Of the few studies that have looked at the short- to long-term results of sleep training, none have found an effect on a baby’s attachment or mental health. For example, Hiscock’s study, the largest and longest longitudinal study on sleep training, found that sleep-trained children by age six were no more likely to be insecurely attached to their caregiver than their peers. (Experts like Hiscock say they’re not aware of any studies looking at possible long-term effects of cold turkey cry-it-out, only modified extinction. They also looked at healthy babies who were at least six months old. So this one Results do not necessarily apply to infants who are being trained at younger ages or otherwise.)

Like other longitudinal studies, Hiscock lost contact with a number of families when it came time for the final follow-up: 101 of the original 326. That means it’s theoretically possible that sleep training may have affected some children either negatively or positively over the long term, but their experiences were not recorded. However, it’s more likely that any effects of a single intervention will simply “wash out” after six years, Hiscock says.

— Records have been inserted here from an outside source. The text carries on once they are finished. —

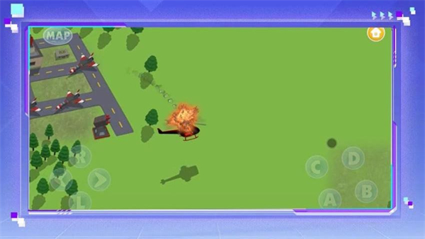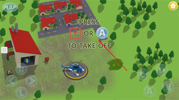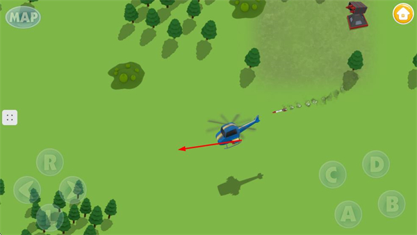 3、直升机起飞后,操控界面中的方向按钮,让直升机朝着指定的方向移动。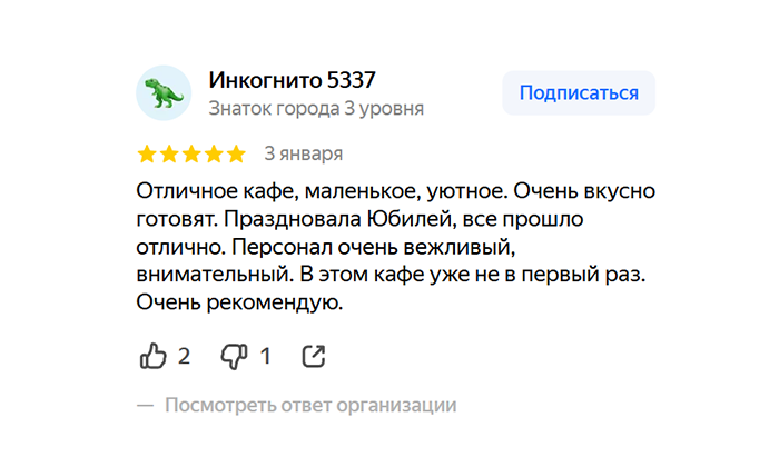 Отличное кафе, маленькое, уютное. Очень вкусно готовят. Праздновала Юбилей, все прошло отлично. Персонал очень вежливый, внимательный. В этом кафе уже не в первый раз. Очень рекомендую.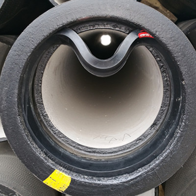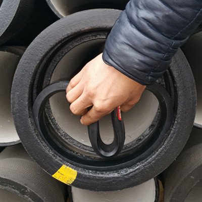 1. 對于較小規(guī)格的球墨鑄鐵管膠圈,將其彎成“心”形放入承口密封槽內。如下圖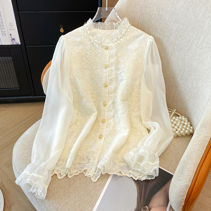품격 레이스 레이스 비즈 박기 자수 긴팔 여성 셔츠 2025 이른 가을 새로운 외국 가스 달콤함 기본 셔츠 맨위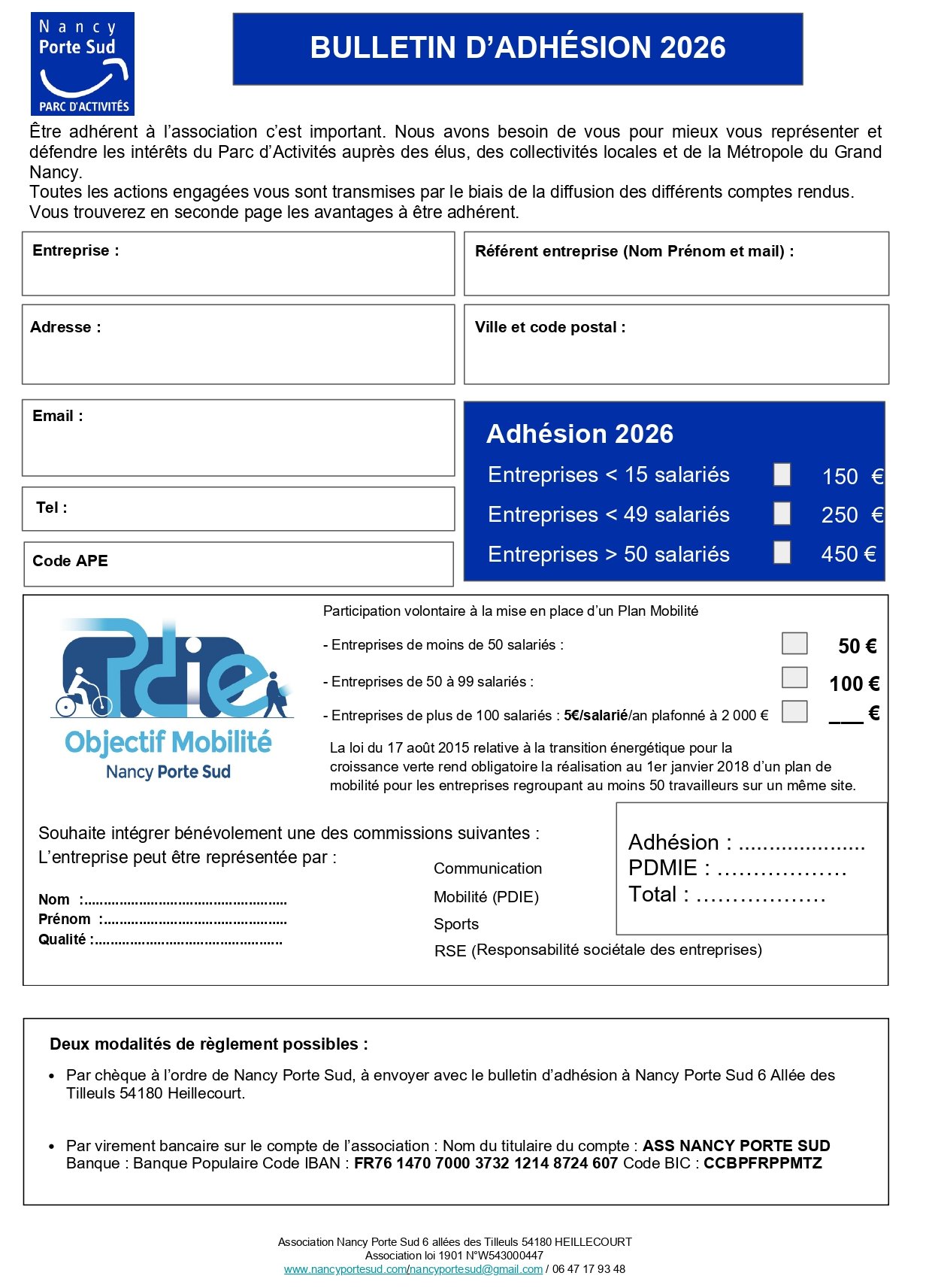 - Chèque à l'ordre de Nancy Porte Sud, à envoyer avec le bulletin d'adhésion à Nancy Porte Sud 6 Allée des Tilleuls 54180 Heillecourt.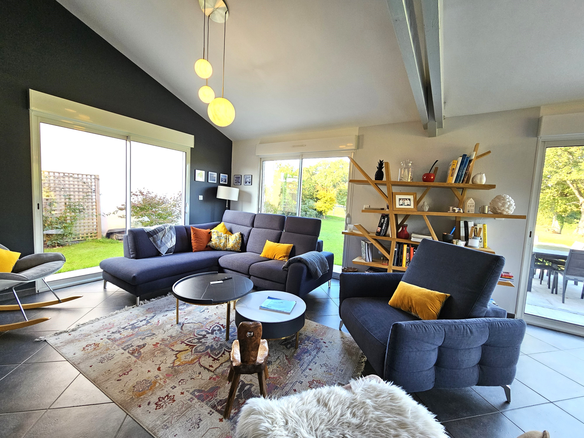 Vue imprenable pour cette très belle contemporaine prenant la lumière de toute part. Le rez de chaussée vous offre une magnifique pièce de vie assortie d'un poêle à bois, une cuisine semi-ouverte, une chambre avec salle d'eau et dressing, un bureau. L'étage est partagé par 4 belles chambres et une salle de bains.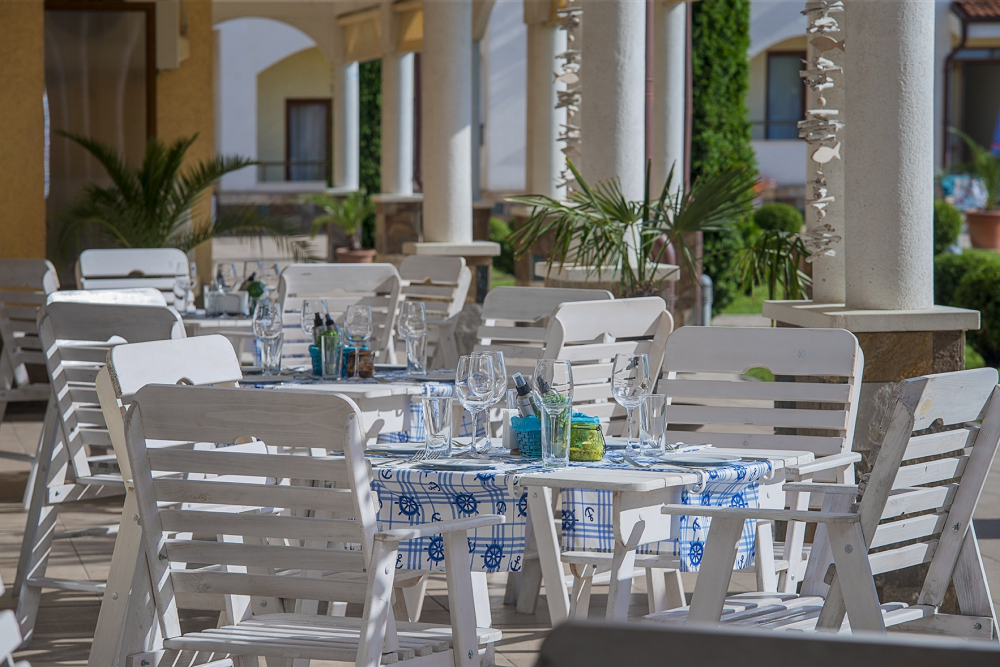 Закуска: В основния ресторант (сграда 2) от 20.05 до 30.09, 07:30ч. – 10:00ч. – Богата закуска на блок маса, включваща шоу кукинг станция. напитки от станция на самообслужване в ресторанта: кафе, разнообразие от чай, мляко, пуншове и сокове, газирана вода /на чаша/.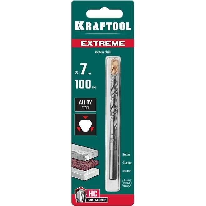KRAFTOOL EXTREME 7 х 100 сверло по бетону, 3-х гранный хвостовик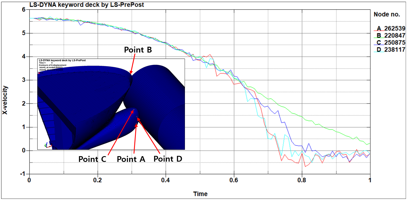 [그림 20]은 각 시간에 따른 선박의 속도를 나타내고 있으며, [그림 21]은 선수 영역의 각 위치별 시간에 따른 속도 변화를 그래프로 나타내고 있다. 초기 속도 5.659m/s에서 해양 구조물과 충격이 발생하는 시점부터 급격히 속도가 감소하여 선박 하부 영역은 구조물 방향으로 밀고 들어가다 0.75초에 멈추거나 뒤로 밀려나는 거동을 확인할 수 있다.

The benefits of the reaction

Another way to examine the issue of self-regulation is to look at babies’ developing brains and their limitations. Human babies are born very neurologically immature compared to other mammals, with brains about a third the size of an adult. The prefrontal cortex, the “home” of emotional regulation in the brain, is one of the last parts of the brain to mature, not fully developing until your mid-20s.

As a result, throughout infancy and early childhood, the brain relies on “co-regulation” — the help of a comforting caregiver — to calm itself down. For example, in a position adopted by the American Academy of Pediatrics, the National Scientific Council on the Developing Child defines a “positive” stress response as one resulting from brief, “mild to moderate” stress and “the availability of a caring and responsive adult who helps the child cope with the stressor, providing a protective effect that facilitates the return of stress response systems to baseline”.